Required work
Below are records; the lines starting at the one with "Matéria/Técnica: Barro branco" and ending at the one with "Ky Co Island" must be reproduced exactly, both included. Pictures must not appear.

Data
——————————

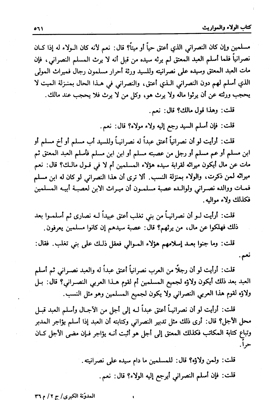 قُلْتُ: أَرَأَيْتَ لَوْ أَنَّ نَصْرَانِيًّا مِنْ بَنِي تَغْلِبَ أَعْتَقَ عَبِيدًا لَهُ نَصَارَى ثُمَّ أَسْلَمُوا بَعْدَ ذَلِكَ فَهَلَكُوا عَنْ مَالٍ، مَنْ يَرِثُهُمْ؟
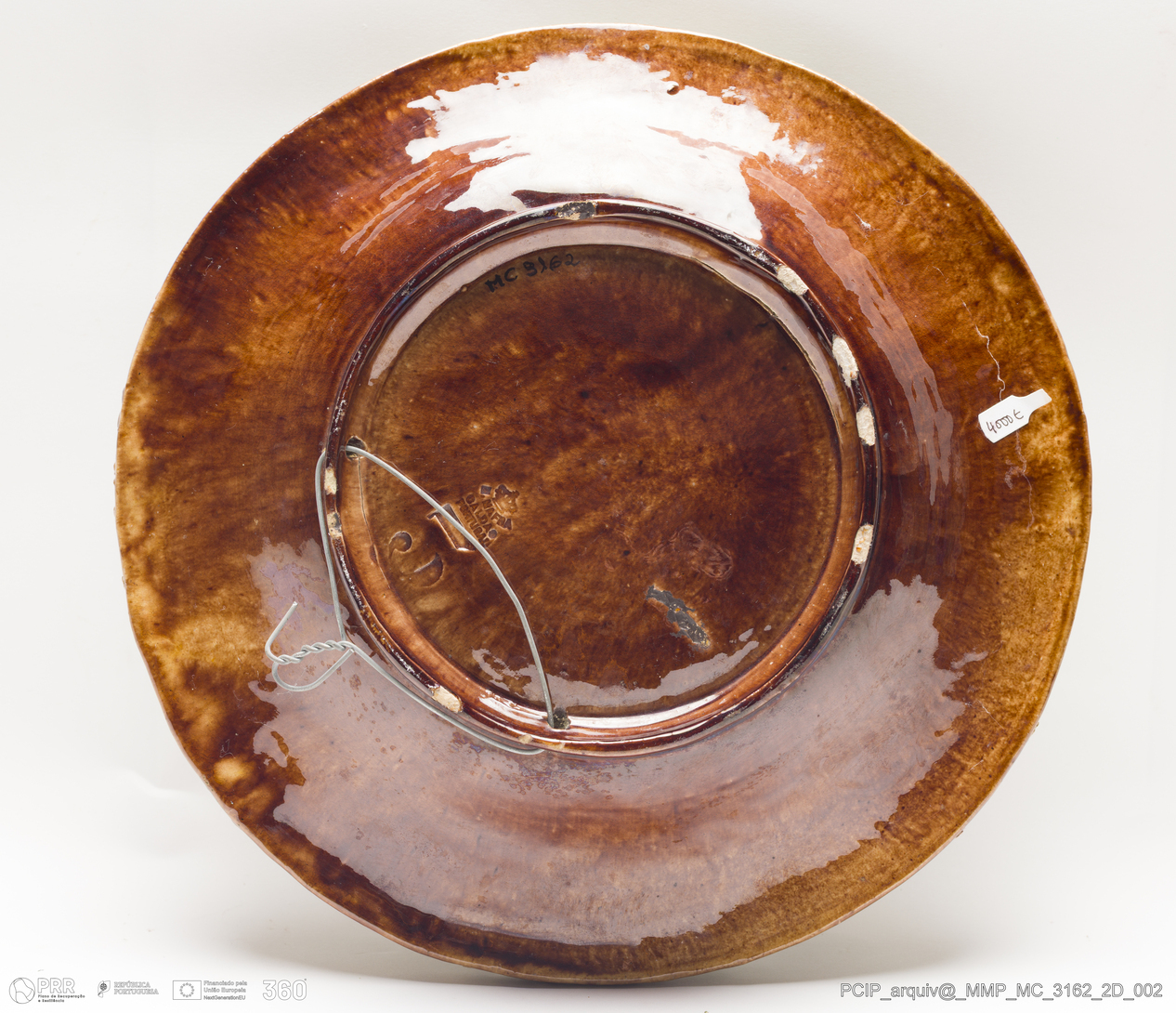 Matéria/Técnica: Barro branco moldado e modelado. Musgados. Vidrado polícromo: castanho escuro e mel, azul, verde, amarelo e camurça; Cronologia: 1870-1887; Autoria: Manuel Cipriano Gomes Mafra / Fábrica De Manuel Cipriano Gomes Mafra, Caldas da Rainha, Portugal; Dimensões (cm): Altura: 9,5; Diâmetro: 31,5.
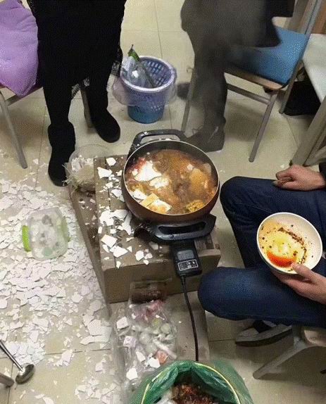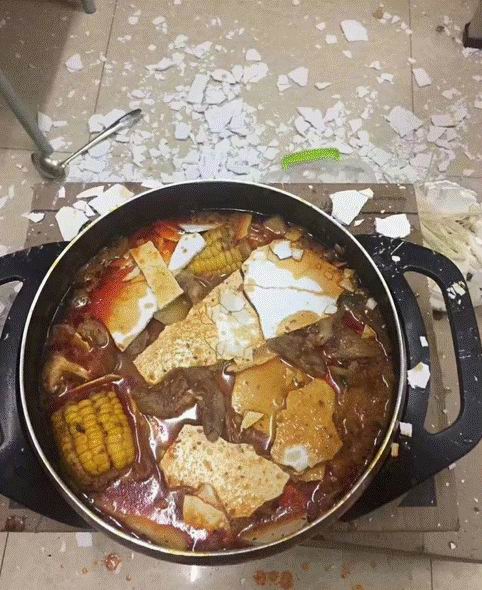昨天,她刚做好的火锅,刚吃了两口,突然!!房顶上就掉下来一大块墙皮……墙皮……
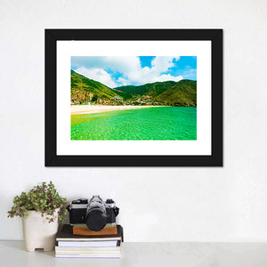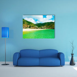 Ky Co Island Vietnam Canvas Wall Art shows a realistic beach scene with clear turquoise water, white sand, green hills and fluffy clouds, conveying a vibrant, serene tropical mood. The natural, vivid palette suits modern coastal room decor and brings a calm focal point to home interiors.
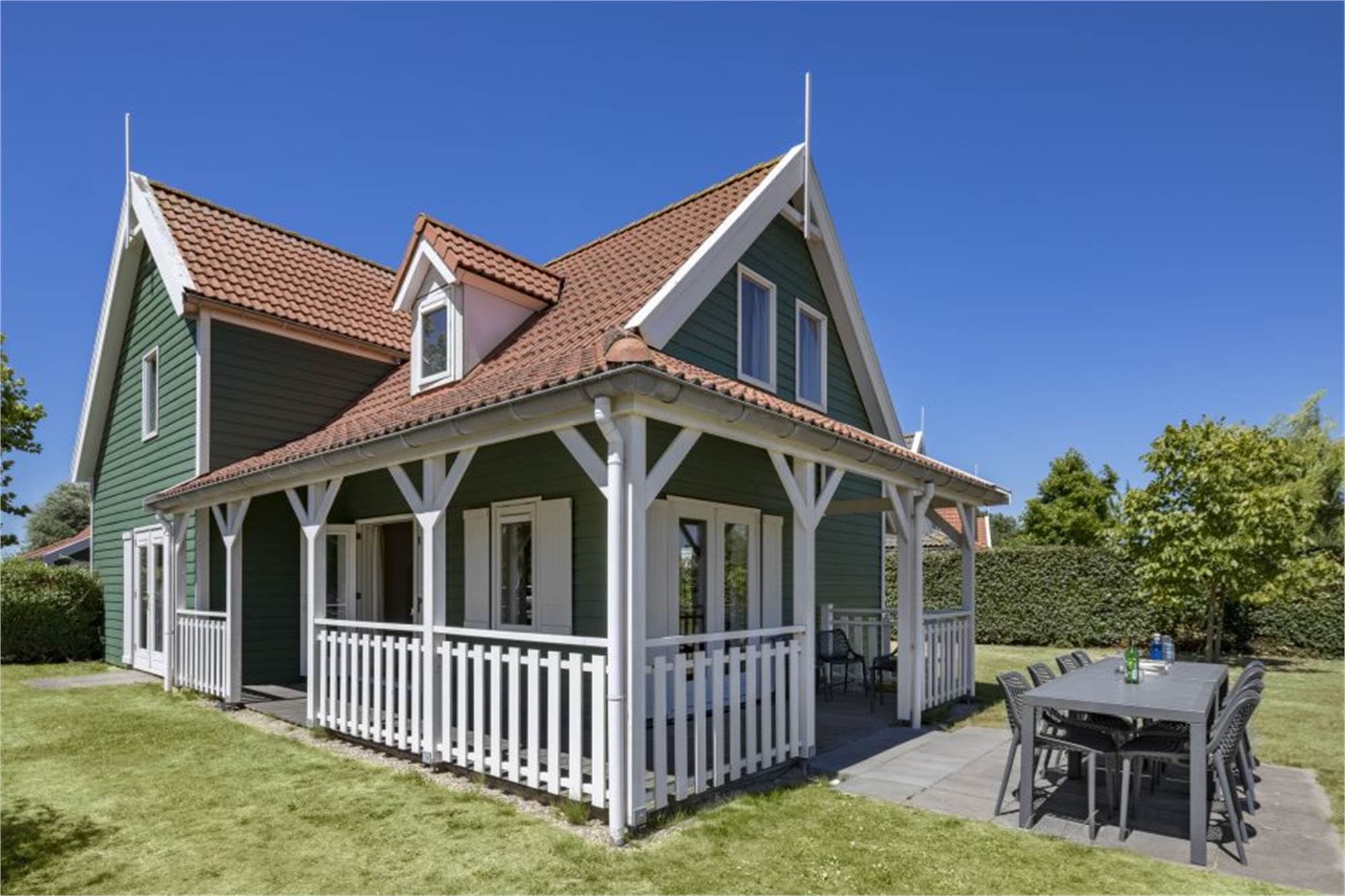 Diese freistehende Villa am Wasser eignet sich für 12 Personen. Das stilvolle Wohnzimmer ist mit Smart-TV und Flügeltüren ausgestattet. Die angrenzende Küche verfügt u. a. über Kaffeemaschine, Geschirrspüler, Mikrowelle und Kühlschrank mit Gefrierfach. Im Abstellraum befindet sich ein weiterer Kühlschrank mit Gefrierfach. Im Erdgeschoss finden Sie außerdem ein Schlafzimmer, ein Badezimmer mit Dusche und eine separate Toilette. Im Obergeschoss befinden sich die übrigen fünf Schlafzimmer mit je zwei extra langen Einzel-Boxspringbetten (90 x 120 cm) sowie zwei Badezimmer mit Dusche und Badewanne. Die Villa ist kinderfreundlich eingerichtet und bietet Treppengitter oben, einen Laufstall, ein Kinderbett und einen Kinderstuhl. Im Außenbereich finden Sie eine möblierte Veranda sowie eine Parkmöglichkeit für ein Auto. Die Nutzung von WiFi ist gratis und Haustiere sind gestattet.
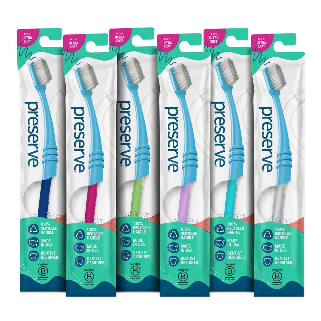Preserve consulted closely with dental professionals to create a toothbrush that gets your teeth cleaner but minimizes your impact on the environment. The design includes a curved handle for those hard-to-reach places and a three-level bristle arrangement to massage your gums. And while the bristles are brand new, the handle is made from recycled #5 plastics (which include things like yogurt cups.) Preserve toothbrushes are recyclable through Preserve's mail-in recycling program. Our lightweight pouch now features new packaging designs made especially us for through a collaboration with artists for humanity.
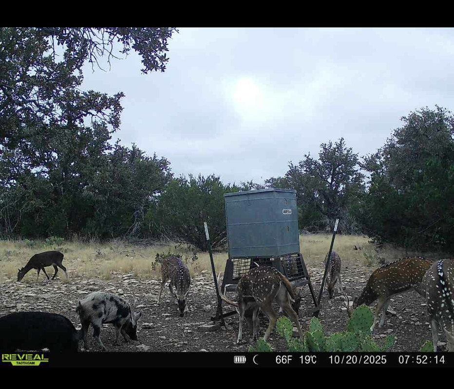 Lots of critters out this am. Ended up getting a nice video of a good axis and shooting a few pigs this weekend. Headed back to Houston this am and saw a great Axis on the way out the camp.

——————————

Written answer
 Matéria/Técnica: Barro branco moldado e modelado. Musgados. Vidrado polícromo: castanho escuro e mel, azul, verde, amarelo e camurça; Cronologia: 1870-1887; Autoria: Manuel Cipriano Gomes Mafra / Fábrica De Manuel Cipriano Gomes Mafra, Caldas da Rainha, Portugal; Dimensões (cm): Altura: 9,5; Diâmetro: 31,5.
昨天,她刚做好的火锅,刚吃了两口,突然!!房顶上就掉下来一大块墙皮……墙皮……
 Ky Co Island Vietnam Canvas Wall Art shows a realistic beach scene with clear turquoise water, white sand, green hills and fluffy clouds, conveying a vibrant, serene tropical mood. The natural, vivid palette suits modern coastal room decor and brings a calm focal point to home interiors.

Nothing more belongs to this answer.